You have a right to tell us [who love to read it!] how you’re doing. It sure is good to write it all out than to have us call you everyday and have the phone ring off the hook to tell us that way. I know dad really enjoys to read it as well.
Keep it up, Michelle…We love it! We certainly don’t like that you’re in so much pain all of the time and even though I can’t compare to the pregnancy pain, I can compare to the ‘pain’ in general with my back. It is no fun…But once you hold that precious baby boy of yours it will all be worth it!
Love you.
It’s those damn people who say that pregnancy is beautiful and amazing that ruin it for anyone else. If you say pregnancy is hard, people look at you like you are crazy. You never know what someone is going through unless you are in their shoes and there’s no way for anyone to experience what you are dealing with, so no one has a right to comment or judge you that way. How rediculous of them.
PS – looking back on your posts, I don’t even see where you were complaining about anything. Counting contractions? I don’t get it. People are weird.
honestly, I think that taking care of a newborn will be A LOT easier than what you are going through with this pregnancy. Usually people complain about not enough sleep, but you will get in a routine that works for you and Tim and it will not be so bad. Yah, of course there will be those bad days, but for the most part it isn’t hard and then the next thing you know they are 1 years old.
Reading that ‘Baby Wise’ book totally helped me and I’m glad you read it!
This Megan girl obviously hasn’t read your blog and what you have been going through. I couldn’t even imagine having contractions all the time.

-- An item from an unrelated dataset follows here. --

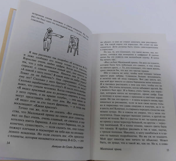 Описание«Маленький принц» — наиболее известное (переведено более чем на 180 языков) произведение Экзюпери, написанное незадолго до смерти автора и им же проиллюстрированное. Эта печальная, мудрая, человечная сказка предназначена, скорее, взрослым, чем детям. В ней рассказано о самом важном: о дружбе и любви, о долге и верности…Читая эту чудесную историю, и улыбнешься, и взгрустнешь, и непременно задумаешься, над тем, что не всегда можно понять разумом… Как говорил Маленький принц — «увидишь сердцем».В издание также включен сборник эссе «Планета людей».«Маленький принц» — наиболее известное (переведено более чем на 180 языков) произведение Экзюпери, написанное незадолго до смерти автора и им же проиллюстрированное. Эта печальная, мудрая, человечная сказка предназначена, скорее, взрослым, чем детям. В ней рассказано о самом важном: о дружбе и любви, о долге и верности…Читая эту чудесную историю, и улыбнешься, и взгрустнешь, и непременно задумаешься, над тем, что не всегда можно понять разумом… Как говорил Маленький принц — «увидишь сердцем».В издание также включен сборник эссе «Планета людей».

Luckily, you only have a couple more weeks then you will have Marco and won’t need to deal with those nasty contractions again
Stay strong, try hard not to stress about having a newborn, you will do great and just keep telling yourself that ‘you can do it and that it’s not that hard’ (taking care of a newborn)
Thank you, Jennifer!
I appreciate the support.
I am hoping that I can stick to the basics of the ‘Baby Wise’ plan; it seems to fit in best with our needs – hopefully it fits in with Marco’s!
Why must people think they are entitled to say whatever they want on someones page? I don’t get it. I can’t imagine being such a negative person to where I have to pop in on random peoples blogs and leave heartless comments.

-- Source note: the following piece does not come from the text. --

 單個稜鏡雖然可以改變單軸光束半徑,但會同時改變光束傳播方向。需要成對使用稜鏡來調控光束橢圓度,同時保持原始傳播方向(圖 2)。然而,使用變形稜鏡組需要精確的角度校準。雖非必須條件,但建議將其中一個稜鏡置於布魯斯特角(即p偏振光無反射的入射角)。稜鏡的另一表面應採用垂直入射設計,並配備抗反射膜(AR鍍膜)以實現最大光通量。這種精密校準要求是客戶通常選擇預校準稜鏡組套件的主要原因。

This is your blog, please post and talk about any pregnancy worries, anxieties or scares you have on here, that’s what its for.
This person obviously has no life
Dont let her comments bother you. There are always people who will judge. You obviously have fabulous friends and family and those people are the ones that count. Yes, having a baby is harder but that doesnt mean pregnancy is easy. Just know that you have a wonderful, supportive husband and you two will make a great parenting team. Its good that you are honest about your expereince because I hate when people pretend that everything is easy. It sounds like you have lots of friends and family that are hoping for a chance to help out. Marco is very lucky to have you as a mom.
It might take a couple weeks to get Marco used to everything, but just stick to the plan and they get used to a routine. I will use that ‘eat, play, sleep’ routine that they talk about for all my kids. It really works!!!